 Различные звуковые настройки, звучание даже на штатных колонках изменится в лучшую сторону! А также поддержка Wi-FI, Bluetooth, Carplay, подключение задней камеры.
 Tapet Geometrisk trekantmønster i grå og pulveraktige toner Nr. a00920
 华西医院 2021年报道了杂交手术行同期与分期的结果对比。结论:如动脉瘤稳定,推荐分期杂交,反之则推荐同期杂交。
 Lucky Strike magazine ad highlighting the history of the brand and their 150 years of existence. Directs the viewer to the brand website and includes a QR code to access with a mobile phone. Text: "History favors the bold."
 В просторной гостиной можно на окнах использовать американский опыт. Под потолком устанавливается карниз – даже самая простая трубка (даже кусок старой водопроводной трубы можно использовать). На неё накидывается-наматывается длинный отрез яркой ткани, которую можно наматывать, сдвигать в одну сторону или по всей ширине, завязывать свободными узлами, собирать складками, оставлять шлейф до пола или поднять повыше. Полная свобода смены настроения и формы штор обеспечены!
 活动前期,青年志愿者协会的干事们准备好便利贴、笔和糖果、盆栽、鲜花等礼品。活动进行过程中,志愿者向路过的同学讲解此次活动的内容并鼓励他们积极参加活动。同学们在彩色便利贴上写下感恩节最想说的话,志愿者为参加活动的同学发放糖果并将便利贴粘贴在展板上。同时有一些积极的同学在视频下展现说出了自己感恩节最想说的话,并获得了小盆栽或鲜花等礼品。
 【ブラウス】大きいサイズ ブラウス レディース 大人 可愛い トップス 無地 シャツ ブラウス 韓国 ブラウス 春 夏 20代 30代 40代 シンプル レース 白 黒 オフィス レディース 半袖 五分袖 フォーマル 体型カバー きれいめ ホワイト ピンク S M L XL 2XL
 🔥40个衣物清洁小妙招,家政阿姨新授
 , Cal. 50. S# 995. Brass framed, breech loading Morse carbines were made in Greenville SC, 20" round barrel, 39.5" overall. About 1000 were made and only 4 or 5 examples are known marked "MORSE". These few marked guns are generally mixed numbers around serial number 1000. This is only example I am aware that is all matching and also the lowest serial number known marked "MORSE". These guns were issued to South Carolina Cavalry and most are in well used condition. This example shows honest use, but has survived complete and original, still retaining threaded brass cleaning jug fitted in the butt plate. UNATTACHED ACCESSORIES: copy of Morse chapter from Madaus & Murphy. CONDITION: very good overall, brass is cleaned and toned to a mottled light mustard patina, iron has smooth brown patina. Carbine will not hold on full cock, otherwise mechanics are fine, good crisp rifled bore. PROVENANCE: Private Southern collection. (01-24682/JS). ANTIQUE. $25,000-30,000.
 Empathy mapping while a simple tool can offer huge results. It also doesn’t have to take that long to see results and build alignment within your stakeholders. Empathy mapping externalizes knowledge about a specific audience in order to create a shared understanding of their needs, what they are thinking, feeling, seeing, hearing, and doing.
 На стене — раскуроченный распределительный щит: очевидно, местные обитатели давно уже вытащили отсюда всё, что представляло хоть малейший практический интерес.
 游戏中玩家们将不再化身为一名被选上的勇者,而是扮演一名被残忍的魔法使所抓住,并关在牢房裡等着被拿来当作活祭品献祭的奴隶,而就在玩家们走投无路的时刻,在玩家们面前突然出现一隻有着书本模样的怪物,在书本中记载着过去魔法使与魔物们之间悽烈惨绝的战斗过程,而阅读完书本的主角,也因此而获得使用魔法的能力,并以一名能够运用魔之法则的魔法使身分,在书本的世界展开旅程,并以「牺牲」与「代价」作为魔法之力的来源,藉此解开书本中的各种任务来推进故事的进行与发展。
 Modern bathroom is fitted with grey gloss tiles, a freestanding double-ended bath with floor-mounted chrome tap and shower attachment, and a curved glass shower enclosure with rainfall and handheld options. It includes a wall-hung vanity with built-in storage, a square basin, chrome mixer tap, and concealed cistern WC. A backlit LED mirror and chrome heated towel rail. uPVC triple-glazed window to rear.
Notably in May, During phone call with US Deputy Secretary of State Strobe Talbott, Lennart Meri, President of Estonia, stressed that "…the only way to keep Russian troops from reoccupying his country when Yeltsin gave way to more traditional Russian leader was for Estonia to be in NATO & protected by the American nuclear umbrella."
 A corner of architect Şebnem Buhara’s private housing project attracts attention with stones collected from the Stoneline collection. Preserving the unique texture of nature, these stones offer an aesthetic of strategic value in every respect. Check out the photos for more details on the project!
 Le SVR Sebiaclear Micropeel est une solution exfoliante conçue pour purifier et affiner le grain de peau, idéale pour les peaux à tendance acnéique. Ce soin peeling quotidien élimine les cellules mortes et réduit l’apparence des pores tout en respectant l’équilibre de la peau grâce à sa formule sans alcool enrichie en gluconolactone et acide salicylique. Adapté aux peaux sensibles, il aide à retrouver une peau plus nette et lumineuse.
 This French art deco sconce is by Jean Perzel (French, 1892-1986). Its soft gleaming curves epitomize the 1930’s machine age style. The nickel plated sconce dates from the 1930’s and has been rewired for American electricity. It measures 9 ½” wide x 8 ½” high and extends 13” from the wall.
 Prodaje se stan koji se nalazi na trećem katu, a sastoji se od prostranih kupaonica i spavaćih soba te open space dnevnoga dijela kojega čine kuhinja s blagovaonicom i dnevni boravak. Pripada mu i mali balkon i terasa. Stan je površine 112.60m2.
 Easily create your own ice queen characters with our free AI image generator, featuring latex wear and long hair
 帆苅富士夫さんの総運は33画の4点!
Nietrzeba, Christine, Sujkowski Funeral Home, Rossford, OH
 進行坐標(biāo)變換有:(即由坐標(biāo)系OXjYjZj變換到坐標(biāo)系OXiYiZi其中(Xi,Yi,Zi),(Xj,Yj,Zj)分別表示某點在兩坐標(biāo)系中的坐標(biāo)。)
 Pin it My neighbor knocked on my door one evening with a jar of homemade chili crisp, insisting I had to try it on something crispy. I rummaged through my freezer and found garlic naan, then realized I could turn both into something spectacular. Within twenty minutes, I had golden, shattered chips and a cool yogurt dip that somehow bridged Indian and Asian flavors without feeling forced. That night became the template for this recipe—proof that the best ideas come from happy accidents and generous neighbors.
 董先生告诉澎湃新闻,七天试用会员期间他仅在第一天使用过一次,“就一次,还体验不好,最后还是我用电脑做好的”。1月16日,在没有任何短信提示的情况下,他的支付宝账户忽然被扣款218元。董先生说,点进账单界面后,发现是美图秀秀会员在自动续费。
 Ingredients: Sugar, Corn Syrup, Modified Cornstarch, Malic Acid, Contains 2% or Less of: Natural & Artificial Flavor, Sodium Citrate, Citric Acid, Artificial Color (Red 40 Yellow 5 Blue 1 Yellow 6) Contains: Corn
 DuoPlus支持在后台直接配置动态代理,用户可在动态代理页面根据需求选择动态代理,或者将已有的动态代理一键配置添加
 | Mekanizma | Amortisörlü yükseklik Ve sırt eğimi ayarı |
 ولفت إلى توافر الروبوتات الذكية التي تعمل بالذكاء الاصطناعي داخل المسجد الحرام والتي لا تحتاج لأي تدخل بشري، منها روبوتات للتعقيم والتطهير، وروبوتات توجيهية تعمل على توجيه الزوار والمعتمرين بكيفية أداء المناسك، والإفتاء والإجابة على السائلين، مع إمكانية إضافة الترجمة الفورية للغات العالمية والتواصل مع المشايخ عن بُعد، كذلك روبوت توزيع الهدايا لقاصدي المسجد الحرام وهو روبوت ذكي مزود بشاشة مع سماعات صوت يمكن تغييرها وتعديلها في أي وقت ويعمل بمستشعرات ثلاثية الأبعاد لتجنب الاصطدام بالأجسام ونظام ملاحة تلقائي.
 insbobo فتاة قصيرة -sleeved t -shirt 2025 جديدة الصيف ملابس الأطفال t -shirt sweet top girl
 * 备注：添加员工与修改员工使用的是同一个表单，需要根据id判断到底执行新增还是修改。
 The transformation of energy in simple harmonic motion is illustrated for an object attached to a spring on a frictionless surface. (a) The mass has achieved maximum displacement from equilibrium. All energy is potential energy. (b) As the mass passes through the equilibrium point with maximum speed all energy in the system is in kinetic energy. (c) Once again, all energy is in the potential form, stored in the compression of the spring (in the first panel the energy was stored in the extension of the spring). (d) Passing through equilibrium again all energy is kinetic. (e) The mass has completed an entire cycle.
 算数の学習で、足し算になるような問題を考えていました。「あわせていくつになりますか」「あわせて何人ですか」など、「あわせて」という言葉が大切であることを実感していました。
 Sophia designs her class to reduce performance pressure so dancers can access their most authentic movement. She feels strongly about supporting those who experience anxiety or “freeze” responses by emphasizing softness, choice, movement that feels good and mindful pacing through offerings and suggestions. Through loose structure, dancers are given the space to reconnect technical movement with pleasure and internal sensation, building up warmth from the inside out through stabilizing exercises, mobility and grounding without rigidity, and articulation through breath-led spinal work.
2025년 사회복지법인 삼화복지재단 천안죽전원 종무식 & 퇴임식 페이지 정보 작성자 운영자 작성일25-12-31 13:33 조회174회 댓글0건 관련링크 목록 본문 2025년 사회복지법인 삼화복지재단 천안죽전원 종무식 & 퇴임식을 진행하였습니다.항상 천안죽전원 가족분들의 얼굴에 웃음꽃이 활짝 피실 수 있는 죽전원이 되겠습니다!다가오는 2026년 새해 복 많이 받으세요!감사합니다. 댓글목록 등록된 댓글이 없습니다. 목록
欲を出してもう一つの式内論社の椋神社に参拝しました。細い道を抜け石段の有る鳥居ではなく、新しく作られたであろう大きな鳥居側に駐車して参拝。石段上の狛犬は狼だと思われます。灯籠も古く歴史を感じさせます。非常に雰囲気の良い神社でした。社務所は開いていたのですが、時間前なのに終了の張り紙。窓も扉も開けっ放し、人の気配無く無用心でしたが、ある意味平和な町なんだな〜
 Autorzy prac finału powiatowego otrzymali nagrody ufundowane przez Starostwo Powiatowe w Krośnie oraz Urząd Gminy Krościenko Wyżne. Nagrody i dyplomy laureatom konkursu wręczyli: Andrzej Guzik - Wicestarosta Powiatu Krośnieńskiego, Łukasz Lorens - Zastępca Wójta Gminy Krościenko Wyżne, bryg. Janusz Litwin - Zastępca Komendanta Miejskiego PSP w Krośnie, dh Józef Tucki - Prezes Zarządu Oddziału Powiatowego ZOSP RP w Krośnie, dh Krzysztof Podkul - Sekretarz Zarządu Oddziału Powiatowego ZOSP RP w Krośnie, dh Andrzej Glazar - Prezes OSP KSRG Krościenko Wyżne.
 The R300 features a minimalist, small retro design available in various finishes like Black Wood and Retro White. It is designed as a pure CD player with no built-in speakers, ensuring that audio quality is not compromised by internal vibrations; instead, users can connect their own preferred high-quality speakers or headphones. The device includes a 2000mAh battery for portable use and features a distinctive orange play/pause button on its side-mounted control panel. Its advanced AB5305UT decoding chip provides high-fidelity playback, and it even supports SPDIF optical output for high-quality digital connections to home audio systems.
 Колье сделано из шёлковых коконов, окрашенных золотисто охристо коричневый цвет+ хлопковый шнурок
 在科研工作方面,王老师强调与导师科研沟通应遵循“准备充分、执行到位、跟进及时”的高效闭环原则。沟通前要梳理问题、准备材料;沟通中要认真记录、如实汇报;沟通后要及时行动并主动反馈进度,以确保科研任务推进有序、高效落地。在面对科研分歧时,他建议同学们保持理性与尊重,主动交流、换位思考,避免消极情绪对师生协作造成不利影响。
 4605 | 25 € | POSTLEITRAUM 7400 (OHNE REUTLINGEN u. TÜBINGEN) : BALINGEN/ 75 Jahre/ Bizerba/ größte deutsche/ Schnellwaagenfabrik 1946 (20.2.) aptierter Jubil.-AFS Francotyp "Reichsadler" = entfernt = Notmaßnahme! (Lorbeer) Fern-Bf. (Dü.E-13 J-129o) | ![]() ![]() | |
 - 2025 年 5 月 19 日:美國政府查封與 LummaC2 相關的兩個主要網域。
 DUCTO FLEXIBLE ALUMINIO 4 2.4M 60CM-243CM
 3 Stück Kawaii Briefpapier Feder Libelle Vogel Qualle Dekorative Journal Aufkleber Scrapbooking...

• Instructions for the task:
Counting every line of the records above that has the word "wall", state the total and give nothing besides it.

• Response to this exercise:
2